• _What you need to do_: The lines from the first line of the entries through the line containing "A.프리미엄석 도입은 예정대로" are to be repeated exactly, with both of those lines included.

** Working data follows **

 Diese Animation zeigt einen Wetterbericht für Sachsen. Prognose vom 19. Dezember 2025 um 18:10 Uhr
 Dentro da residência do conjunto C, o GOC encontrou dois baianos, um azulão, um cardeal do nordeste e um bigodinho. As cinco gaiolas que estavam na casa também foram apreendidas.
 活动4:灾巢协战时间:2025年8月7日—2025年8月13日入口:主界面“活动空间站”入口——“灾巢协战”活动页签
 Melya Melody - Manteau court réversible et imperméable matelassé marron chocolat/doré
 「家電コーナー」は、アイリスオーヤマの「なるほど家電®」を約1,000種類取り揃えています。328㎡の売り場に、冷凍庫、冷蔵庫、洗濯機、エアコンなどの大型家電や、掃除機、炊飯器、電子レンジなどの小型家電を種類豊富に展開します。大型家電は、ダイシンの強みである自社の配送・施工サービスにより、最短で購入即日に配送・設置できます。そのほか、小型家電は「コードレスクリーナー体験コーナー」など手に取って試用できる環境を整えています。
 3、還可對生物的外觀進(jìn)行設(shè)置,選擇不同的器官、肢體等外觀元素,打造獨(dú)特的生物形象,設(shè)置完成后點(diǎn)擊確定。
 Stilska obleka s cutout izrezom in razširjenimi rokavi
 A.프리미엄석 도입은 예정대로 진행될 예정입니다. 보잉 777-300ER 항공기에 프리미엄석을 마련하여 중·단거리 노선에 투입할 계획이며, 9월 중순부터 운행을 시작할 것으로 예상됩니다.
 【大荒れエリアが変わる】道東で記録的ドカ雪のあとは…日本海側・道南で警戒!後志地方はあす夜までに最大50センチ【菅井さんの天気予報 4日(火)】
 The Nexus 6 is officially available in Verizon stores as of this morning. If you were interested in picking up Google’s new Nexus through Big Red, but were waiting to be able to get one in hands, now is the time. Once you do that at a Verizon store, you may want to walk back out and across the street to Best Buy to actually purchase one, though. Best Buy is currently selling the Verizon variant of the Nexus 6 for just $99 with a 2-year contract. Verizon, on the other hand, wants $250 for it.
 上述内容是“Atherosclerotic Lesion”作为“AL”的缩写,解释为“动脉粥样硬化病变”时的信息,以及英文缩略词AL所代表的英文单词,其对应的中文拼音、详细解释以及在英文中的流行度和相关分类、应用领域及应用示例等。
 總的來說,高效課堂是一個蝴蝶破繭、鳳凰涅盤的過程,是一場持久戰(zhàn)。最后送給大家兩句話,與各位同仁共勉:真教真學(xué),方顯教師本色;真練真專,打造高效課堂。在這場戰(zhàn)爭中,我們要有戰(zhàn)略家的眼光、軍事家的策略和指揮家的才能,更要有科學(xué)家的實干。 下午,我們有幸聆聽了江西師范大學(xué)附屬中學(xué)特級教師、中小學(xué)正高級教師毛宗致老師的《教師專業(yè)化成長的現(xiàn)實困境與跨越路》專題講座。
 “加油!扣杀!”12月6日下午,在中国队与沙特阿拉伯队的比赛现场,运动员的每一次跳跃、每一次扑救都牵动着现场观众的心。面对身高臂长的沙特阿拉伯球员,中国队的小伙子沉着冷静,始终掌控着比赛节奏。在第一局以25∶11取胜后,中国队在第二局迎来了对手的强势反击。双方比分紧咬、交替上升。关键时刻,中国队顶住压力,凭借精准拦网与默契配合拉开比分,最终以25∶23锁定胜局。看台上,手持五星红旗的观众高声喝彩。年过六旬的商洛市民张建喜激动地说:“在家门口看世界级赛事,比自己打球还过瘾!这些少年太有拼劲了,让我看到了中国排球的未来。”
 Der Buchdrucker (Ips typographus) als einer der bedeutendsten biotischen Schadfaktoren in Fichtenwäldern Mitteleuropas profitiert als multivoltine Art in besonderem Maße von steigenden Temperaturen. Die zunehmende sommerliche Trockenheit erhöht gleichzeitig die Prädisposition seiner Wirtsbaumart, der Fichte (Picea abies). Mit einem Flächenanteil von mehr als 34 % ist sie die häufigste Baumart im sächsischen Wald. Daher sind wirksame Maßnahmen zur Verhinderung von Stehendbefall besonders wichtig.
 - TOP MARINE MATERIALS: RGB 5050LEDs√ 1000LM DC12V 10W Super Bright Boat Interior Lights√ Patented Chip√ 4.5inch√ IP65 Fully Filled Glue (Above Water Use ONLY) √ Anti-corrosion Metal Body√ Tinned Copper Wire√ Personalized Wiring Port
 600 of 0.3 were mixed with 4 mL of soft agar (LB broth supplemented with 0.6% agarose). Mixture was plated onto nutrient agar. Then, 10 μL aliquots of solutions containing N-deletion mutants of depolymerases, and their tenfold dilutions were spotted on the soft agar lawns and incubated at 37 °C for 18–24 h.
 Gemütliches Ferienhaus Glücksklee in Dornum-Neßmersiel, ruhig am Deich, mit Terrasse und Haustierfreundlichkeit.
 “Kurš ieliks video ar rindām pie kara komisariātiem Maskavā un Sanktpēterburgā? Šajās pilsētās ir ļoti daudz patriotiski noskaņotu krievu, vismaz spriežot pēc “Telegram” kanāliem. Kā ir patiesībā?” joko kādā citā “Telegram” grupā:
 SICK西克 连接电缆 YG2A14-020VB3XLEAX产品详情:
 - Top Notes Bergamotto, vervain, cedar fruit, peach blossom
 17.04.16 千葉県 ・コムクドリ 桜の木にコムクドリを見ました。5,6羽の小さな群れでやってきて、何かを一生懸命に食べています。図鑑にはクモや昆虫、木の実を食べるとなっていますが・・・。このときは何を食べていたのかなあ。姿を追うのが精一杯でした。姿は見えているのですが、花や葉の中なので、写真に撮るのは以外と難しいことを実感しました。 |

** End of Working data **

• _Expected answer_:
 Diese Animation zeigt einen Wetterbericht für Sachsen. Prognose vom 19. Dezember 2025 um 18:10 Uhr
 Dentro da residência do conjunto C, o GOC encontrou dois baianos, um azulão, um cardeal do nordeste e um bigodinho. As cinco gaiolas que estavam na casa também foram apreendidas.
 活动4:灾巢协战时间:2025年8月7日—2025年8月13日入口:主界面“活动空间站”入口——“灾巢协战”活动页签
 Melya Melody - Manteau court réversible et imperméable matelassé marron chocolat/doré
 「家電コーナー」は、アイリスオーヤマの「なるほど家電®」を約1,000種類取り揃えています。328㎡の売り場に、冷凍庫、冷蔵庫、洗濯機、エアコンなどの大型家電や、掃除機、炊飯器、電子レンジなどの小型家電を種類豊富に展開します。大型家電は、ダイシンの強みである自社の配送・施工サービスにより、最短で購入即日に配送・設置できます。そのほか、小型家電は「コードレスクリーナー体験コーナー」など手に取って試用できる環境を整えています。
 3、還可對生物的外觀進(jìn)行設(shè)置,選擇不同的器官、肢體等外觀元素,打造獨(dú)特的生物形象,設(shè)置完成后點(diǎn)擊確定。
 Stilska obleka s cutout izrezom in razširjenimi rokavi
 A.프리미엄석 도입은 예정대로 진행될 예정입니다. 보잉 777-300ER 항공기에 프리미엄석을 마련하여 중·단거리 노선에 투입할 계획이며, 9월 중순부터 운행을 시작할 것으로 예상됩니다.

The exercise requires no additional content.